Description
The stateupdater for the neurons in our COBAHHUncoupled
benchmark (in single-precision) seems to have been simulated with only 640 threads per block even though it could use 1024 threads per block... This leads to a theoretical occupancy of only 62.5%.
We choose the number of threads based on cudaOccupancyMaxPotentialBlockSize
, which happens here. The documentation says:
Returns grid and block size that achieves maximum potential occupancy for a device function.

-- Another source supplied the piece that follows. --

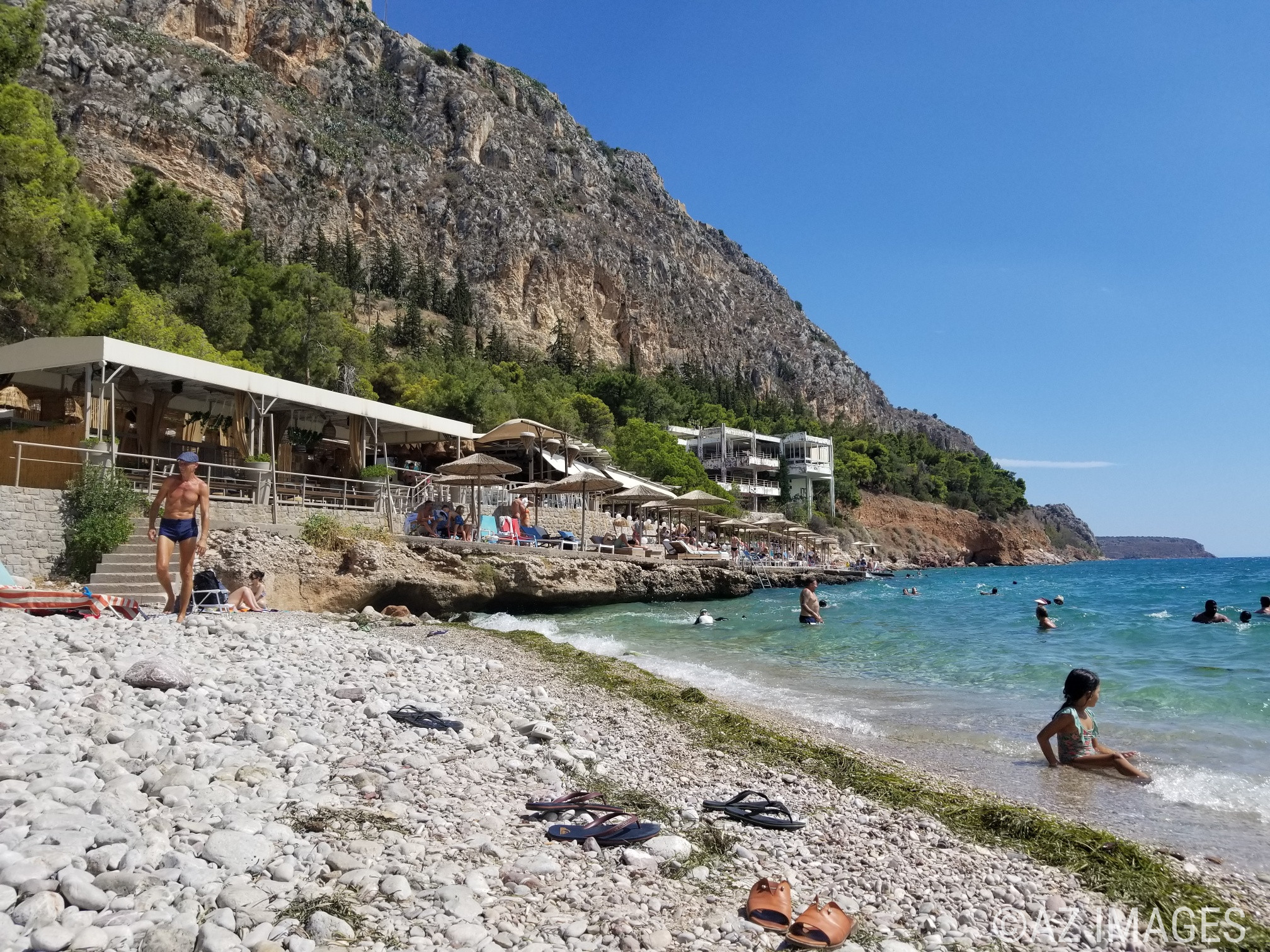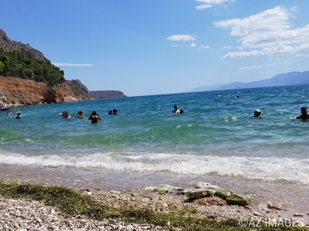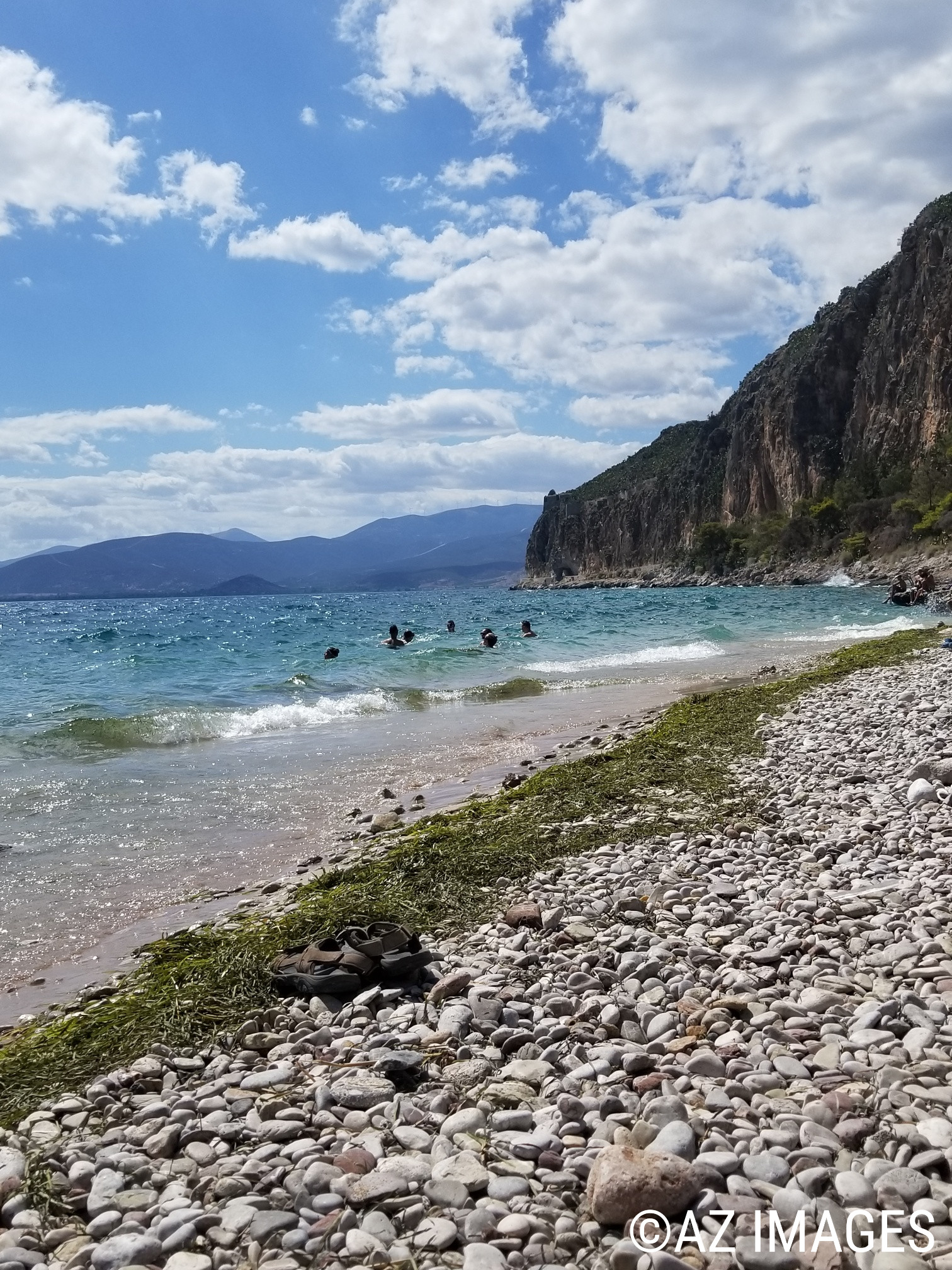 After a day of strolling through the cobble stone streets of Nafplio a dip in cool waters was a must. Nearby Nafplio is ‘Arvanitia beach’. It is a short, small beach with lots of rocks and fish that love to bite swimmers feet. Plenty of screams were heard that day. At least it wasn’t a shark. Luckily I got out before the waters got choppy and too rough for even the best swimmers to swim in.

But in this blog post it sounds like the number of threads is based on some heuristics on not best suited for performance-critical kernels:
cudaOccupancyMaxPotentialBlockSize makes it possible to compute a reasonably efficient execution configuration for a kernel without having to directly query the kernel’s attributes or the device properties, regardless of what device is present or any compilation details. This can greatly simplify the task of frameworks (such as Thrust), that must launch user-defined kernels. This is also handy for kernels that are not primary performance bottlenecks, where the programmer just wants a simple way to run the kernel with correct results, rather than hand-tuning the execution configuration.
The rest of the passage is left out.